[Opening MATERIALS PROVIDED section]

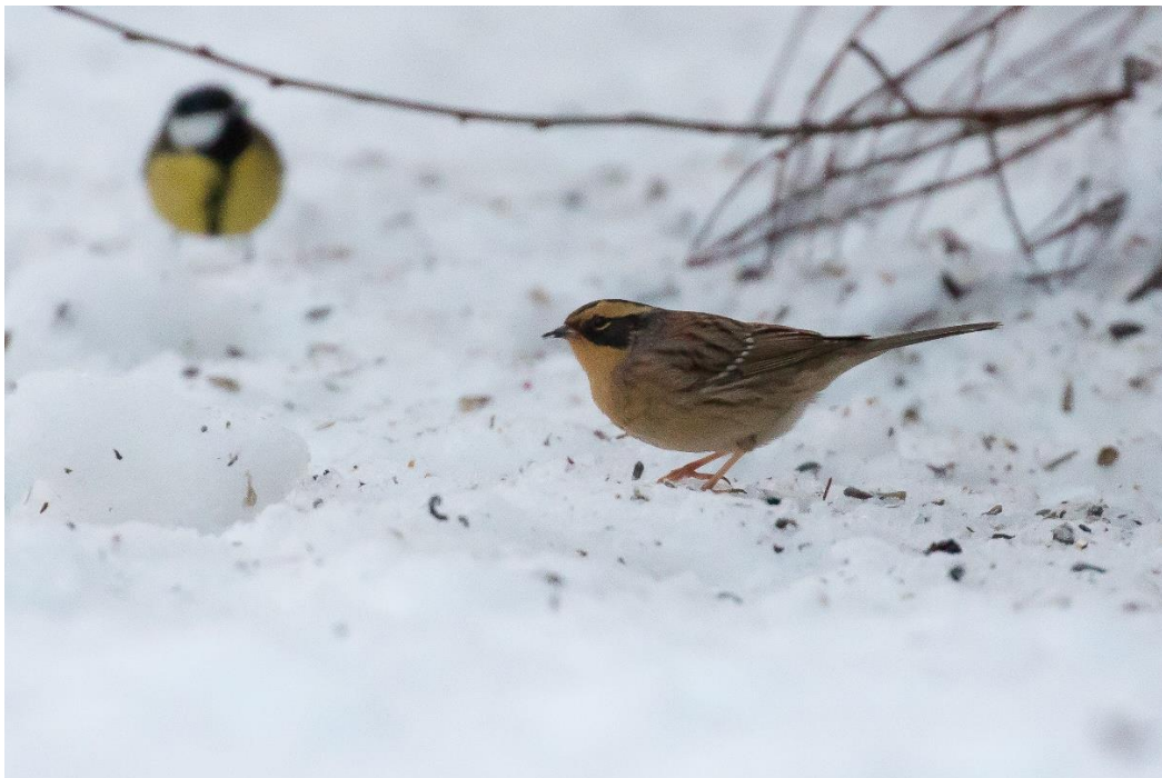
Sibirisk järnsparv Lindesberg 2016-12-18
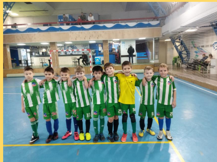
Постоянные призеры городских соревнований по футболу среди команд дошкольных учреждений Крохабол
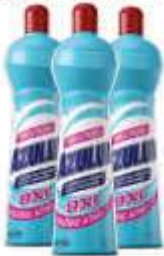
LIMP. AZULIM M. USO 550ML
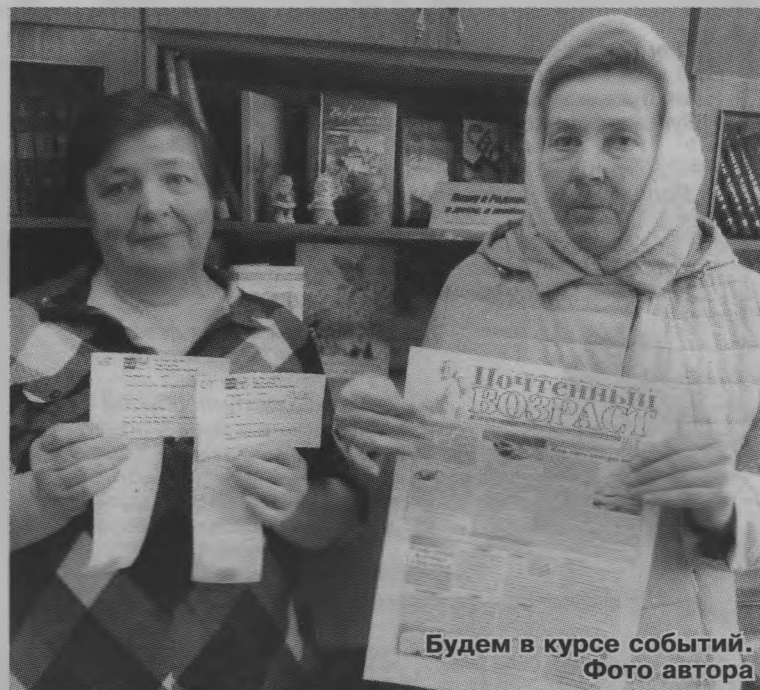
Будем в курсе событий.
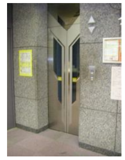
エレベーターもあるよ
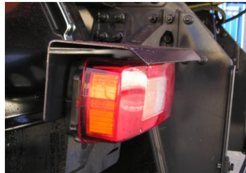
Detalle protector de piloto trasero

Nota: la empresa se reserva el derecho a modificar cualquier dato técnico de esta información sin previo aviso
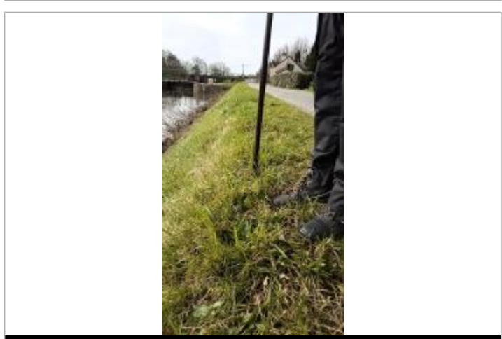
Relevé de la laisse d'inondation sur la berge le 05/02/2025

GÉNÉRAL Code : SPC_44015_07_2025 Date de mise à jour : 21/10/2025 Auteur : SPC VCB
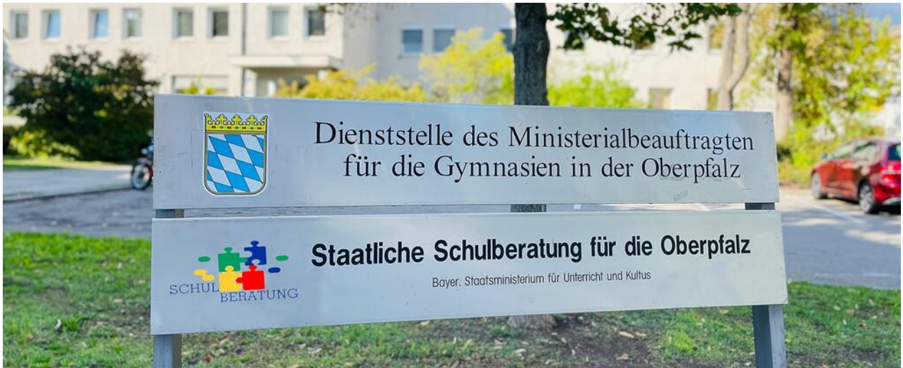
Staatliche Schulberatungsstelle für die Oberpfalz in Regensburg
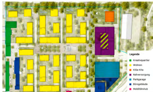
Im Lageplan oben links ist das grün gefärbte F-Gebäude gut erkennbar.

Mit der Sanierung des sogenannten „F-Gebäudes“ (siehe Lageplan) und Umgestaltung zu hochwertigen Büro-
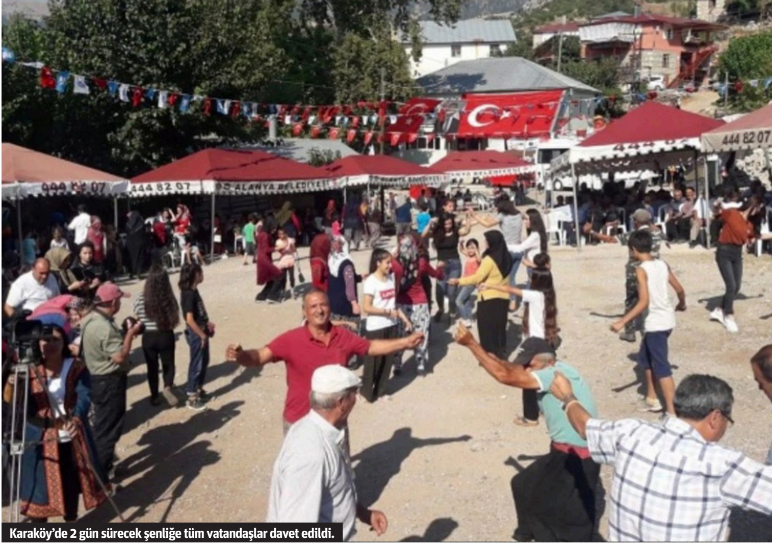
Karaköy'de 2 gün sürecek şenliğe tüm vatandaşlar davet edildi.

[Closing MATERIALS PROVIDED section]

YOUR GOAL
All records above are to be repeated exactly, with the images left out.

SOLUTION FOR THIS PROBLEM
Sibirisk järnsparv Lindesberg 2016-12-18
Постоянные призеры городских соревнований по футболу среди команд дошкольных учреждений Крохабол
LIMP. AZULIM M. USO 550ML
Будем в курсе событий.
エレベーターもあるよ
Detalle protector de piloto trasero

Nota: la empresa se reserva el derecho a modificar cualquier dato técnico de esta información sin previo aviso
Relevé de la laisse d'inondation sur la berge le 05/02/2025

GÉNÉRAL Code : SPC_44015_07_2025 Date de mise à jour : 21/10/2025 Auteur : SPC VCB
Staatliche Schulberatungsstelle für die Oberpfalz in Regensburg
Im Lageplan oben links ist das grün gefärbte F-Gebäude gut erkennbar.

Mit der Sanierung des sogenannten „F-Gebäudes“ (siehe Lageplan) und Umgestaltung zu hochwertigen Büro-
Karaköy'de 2 gün sürecek şenliğe tüm vatandaşlar davet edildi.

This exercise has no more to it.